- DIRECTIONS:
Exactly the lines from the start of the data below through the line that contains "LETTER PENDANT, letter" are to be copied, with pictures left out.
SUPPLIED MATERIAL: Begin
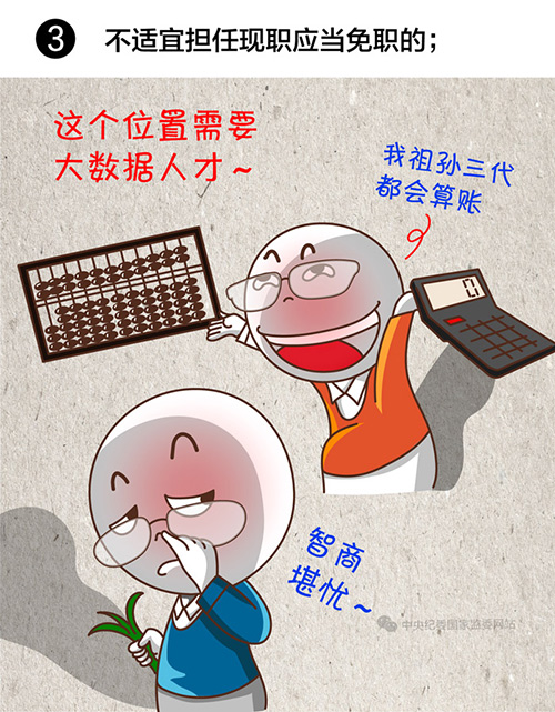 近日,中共中央印发了修订后的《党政领导干部选拔任用工作条例》,为新时代做好干部选拔任用工作提供基本遵循和制度保证。对此,中央纪委国家监委网站“一定之规”栏目发布漫画《领导干部有这8种情况,应当免去现职》,详解领导干部任免应当免去现职的八种情况。
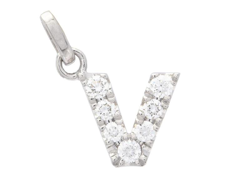 LETTER PENDANT, letter V, 18K white gold, 7 brilliant cut diamonds approx. 0,15 ctw, approx. TW-W/VS-SI, height 7,5 mm, width 8,0 mm, weight 0,5 g.
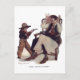 Upp med dem! Vintage bild om en cowboyson som håller upp pappa leker och fantastisk för fars dag!
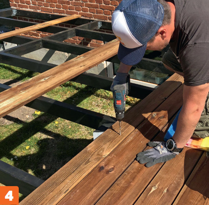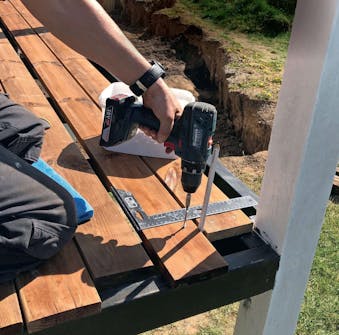 Deretter er det bare å montere resten av bordene med 5 x 60 mm terrasseskruer. Vi setter skruene i en vinkel på 90 grader og husker å bruke blyanten som avstandskloss hver gang.
SUPPLIED MATERIAL: End
- EXERCISE OUTPUT:
 近日,中共中央印发了修订后的《党政领导干部选拔任用工作条例》,为新时代做好干部选拔任用工作提供基本遵循和制度保证。对此,中央纪委国家监委网站“一定之规”栏目发布漫画《领导干部有这8种情况,应当免去现职》,详解领导干部任免应当免去现职的八种情况。
 LETTER PENDANT, letter V, 18K white gold, 7 brilliant cut diamonds approx. 0,15 ctw, approx. TW-W/VS-SI, height 7,5 mm, width 8,0 mm, weight 0,5 g.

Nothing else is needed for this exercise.